BEGIN Data provided

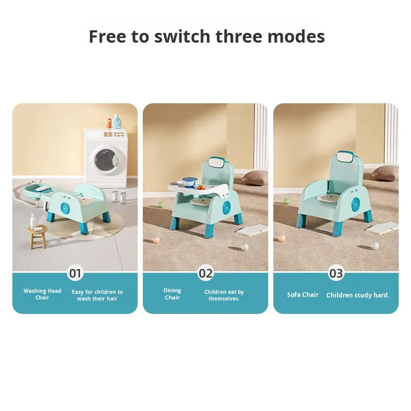 Juego de taburetes de respaldo de sofá de bebé multifuncional de gama alta, silla de champú plegable antideslizante con soporte para productos de baño de comedor en casa
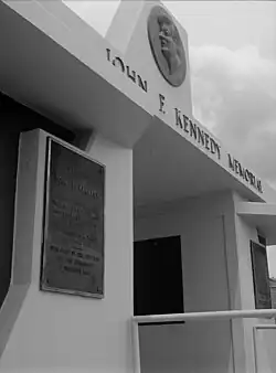 9. ^ John F. Kennedy Memorial (Plaque on Memorial Structure). Sullivan Field, Los Alamos High School. December 4, 1964. In Memory of John F. Kennedy, the 35th President of the United States of America and the first President to visit Los Alamos, New Mexico on December 7, 1962. Dedicated by the citizens of this community December 6, 1964
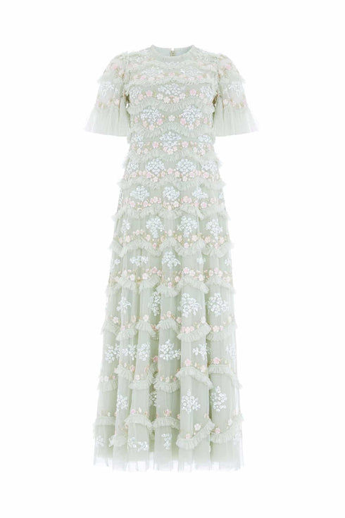 The Daisy Wave Ankle Gown in Mist is inspired by our signature 'Daisy Wave' print. This exquisite design features undulating tulle frills, intricately interwoven with lace, and floral embroidery enhanced with shimmering sequins. With its refined detailing, this gown effortlessly transitions from day to night, offering timeless elegance.
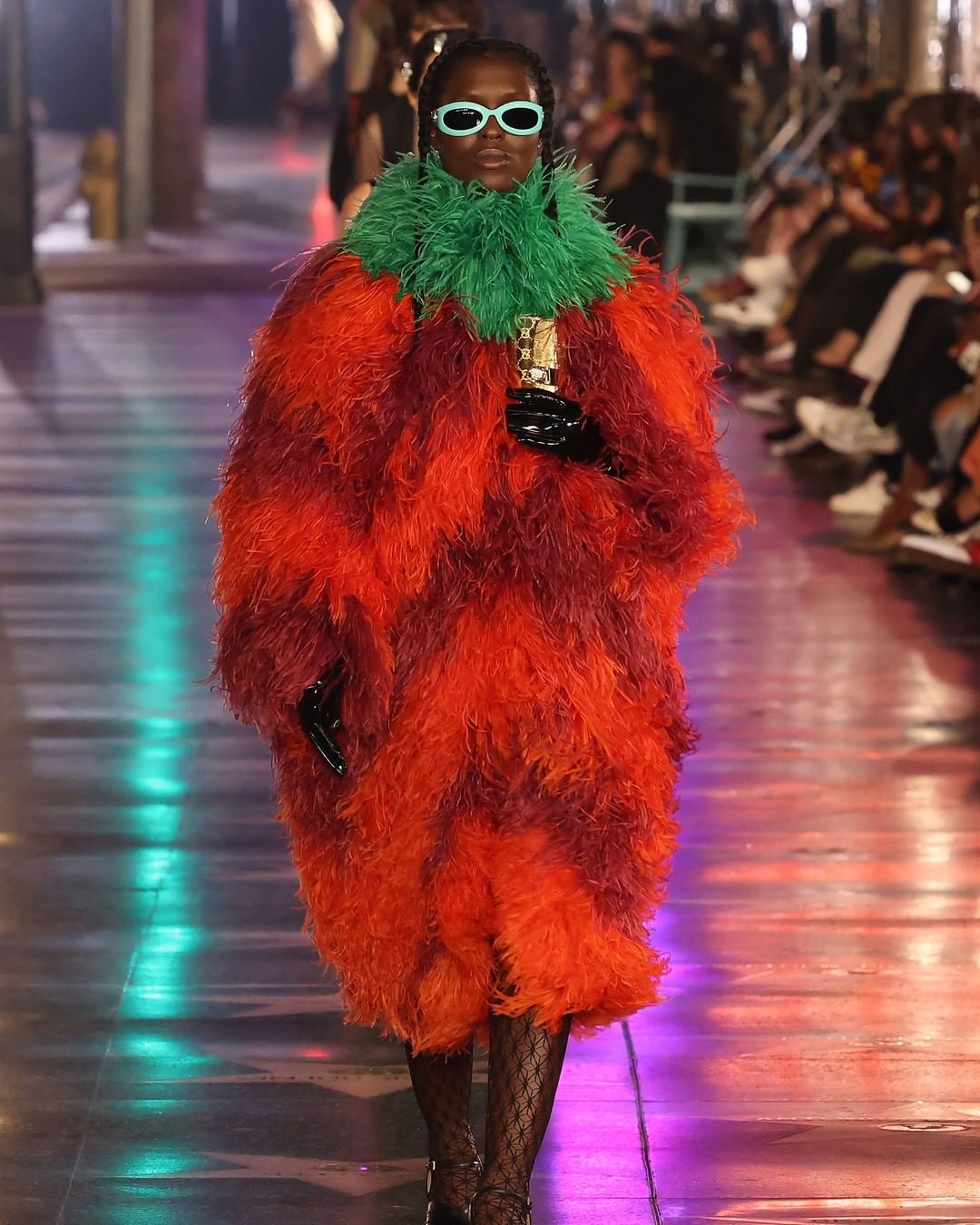 Also walking the runway was British actress Jodie Turner-Smith, who showed off an oversized feathery red number with a green collar. Tap the link in bio to see more pictures of the stars at the show.
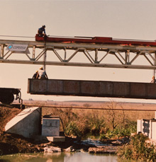 Renovation of 10 bridges on the General Urquiza Railway. The job consisted of rebuilding embankments, access roads and the bridges damaged by the 1982 floods. The superstructure was built with 20m-span, 50t prestressed and premolded beams and the foundations were built with large-diameter piles constructed on the site.
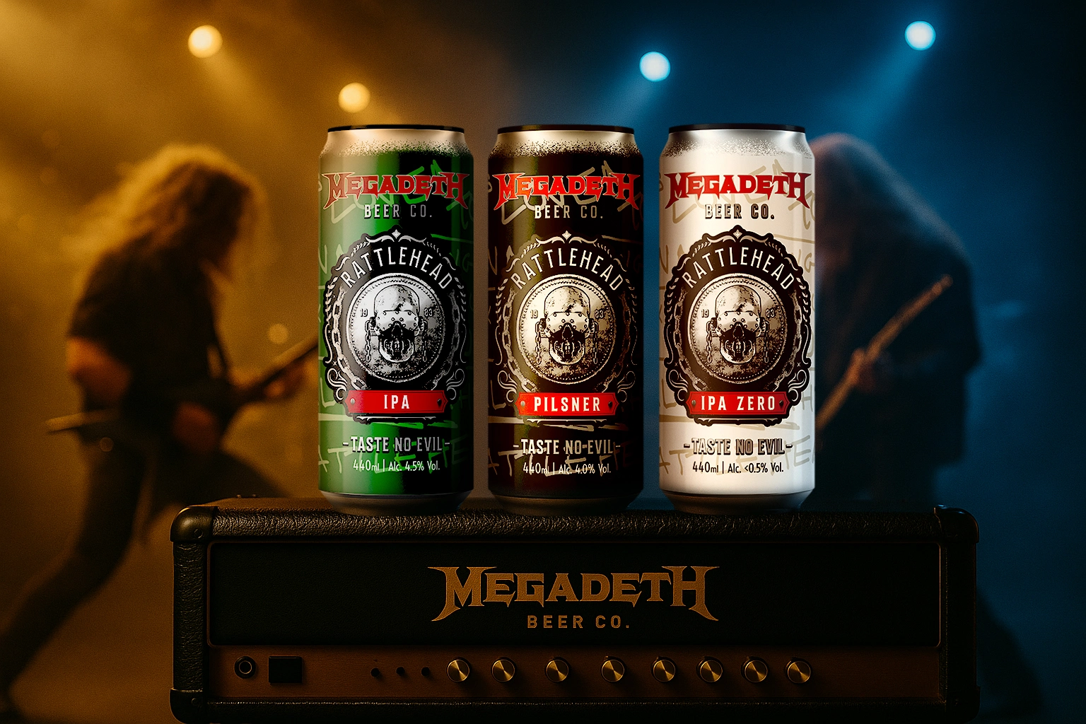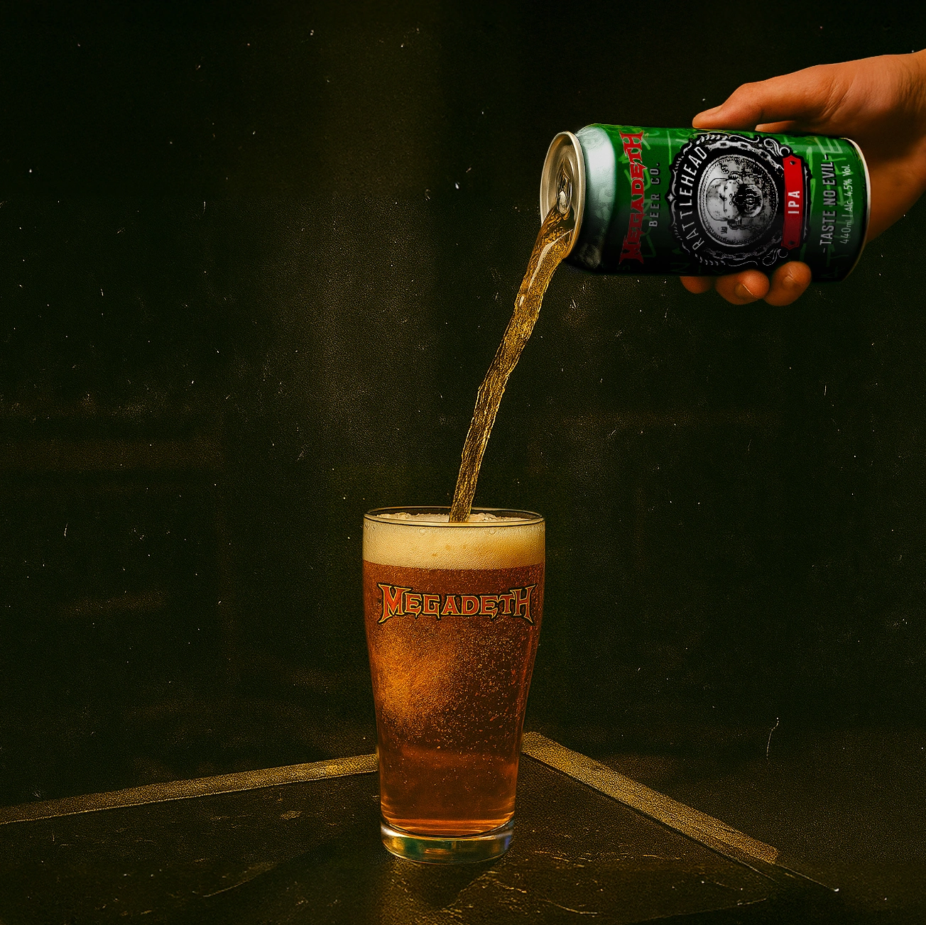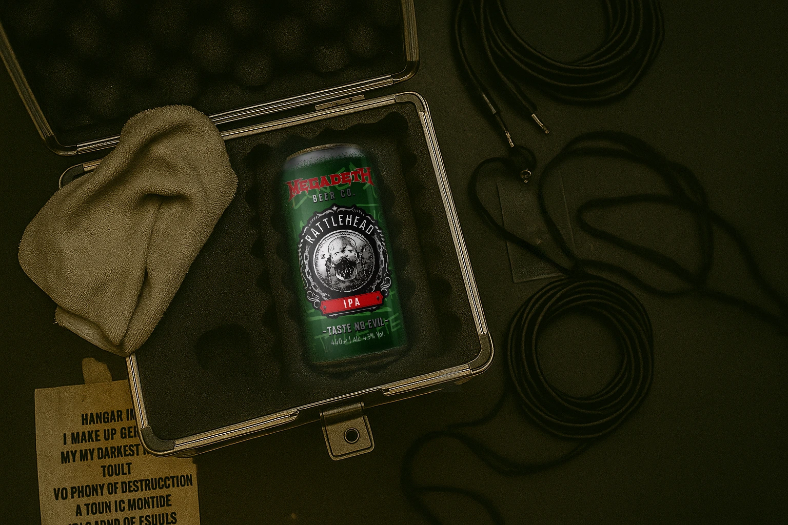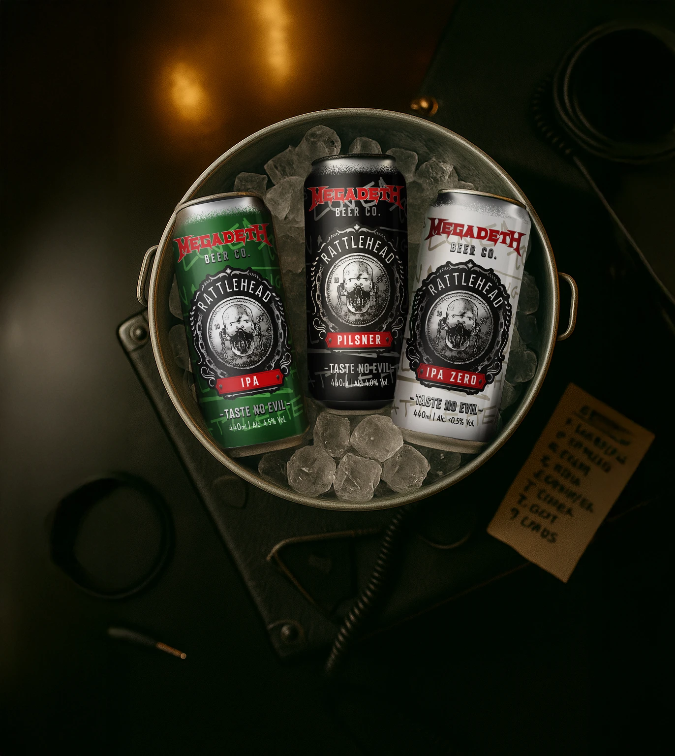 Creating imagery for Megadeth's new beer brand. Retouching in cans into ai imagery, created and edited by me.
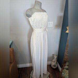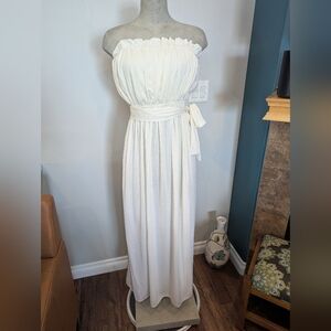 This elegant white strapless maxi dress is perfect for any occasion. The dress features a flattering silhouette and a stylish tie waist.
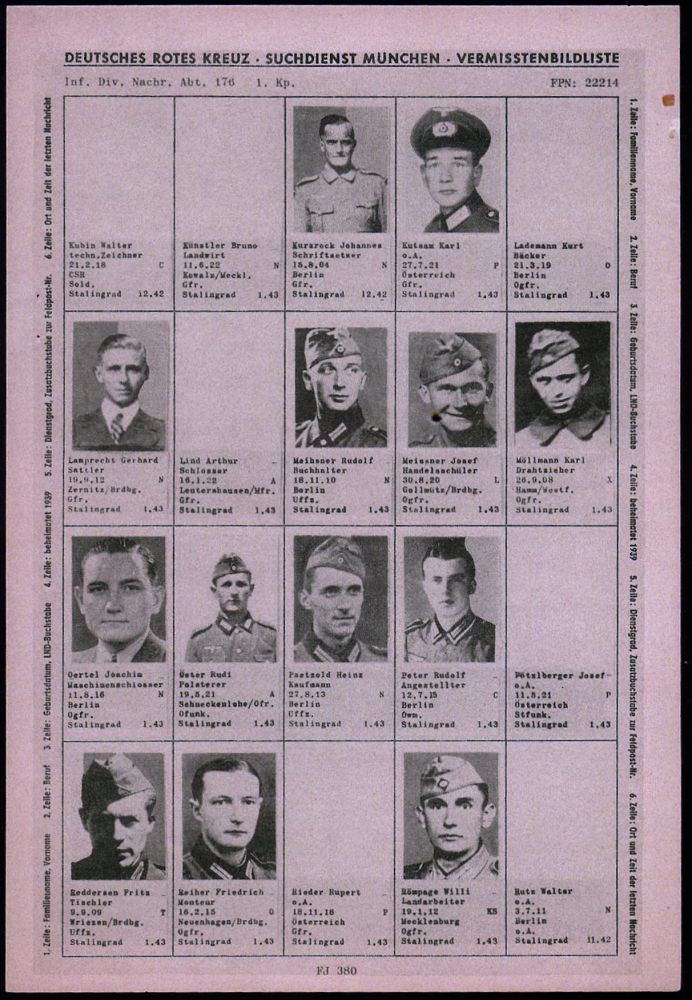 2754 | 25 € | KGF-POST II. WELTKRIEG (ab 1939) : B.R.D. 1949 (ca.) S t a l i n g r a d - Vermißtenliste des DRK (Suchdienst München) mit Namen u. Fotos der Vermißten (rs. Hinweise zur Handhabung) selten! (Format A4, Formblatt FJ 380) | ![]() | |

END Data provided

- [What this task involves]:
Starting with the line that contains "Renovation of 10", give the lines again exactly as they appear through the last line of the data, pictures excluded.

- [Solution for this task]:
 Renovation of 10 bridges on the General Urquiza Railway. The job consisted of rebuilding embankments, access roads and the bridges damaged by the 1982 floods. The superstructure was built with 20m-span, 50t prestressed and premolded beams and the foundations were built with large-diameter piles constructed on the site.
 Creating imagery for Megadeth's new beer brand. Retouching in cans into ai imagery, created and edited by me.
 This elegant white strapless maxi dress is perfect for any occasion. The dress features a flattering silhouette and a stylish tie waist.
 2754 | 25 € | KGF-POST II. WELTKRIEG (ab 1939) : B.R.D. 1949 (ca.) S t a l i n g r a d - Vermißtenliste des DRK (Suchdienst München) mit Namen u. Fotos der Vermißten (rs. Hinweise zur Handhabung) selten! (Format A4, Formblatt FJ 380) | ![]() | |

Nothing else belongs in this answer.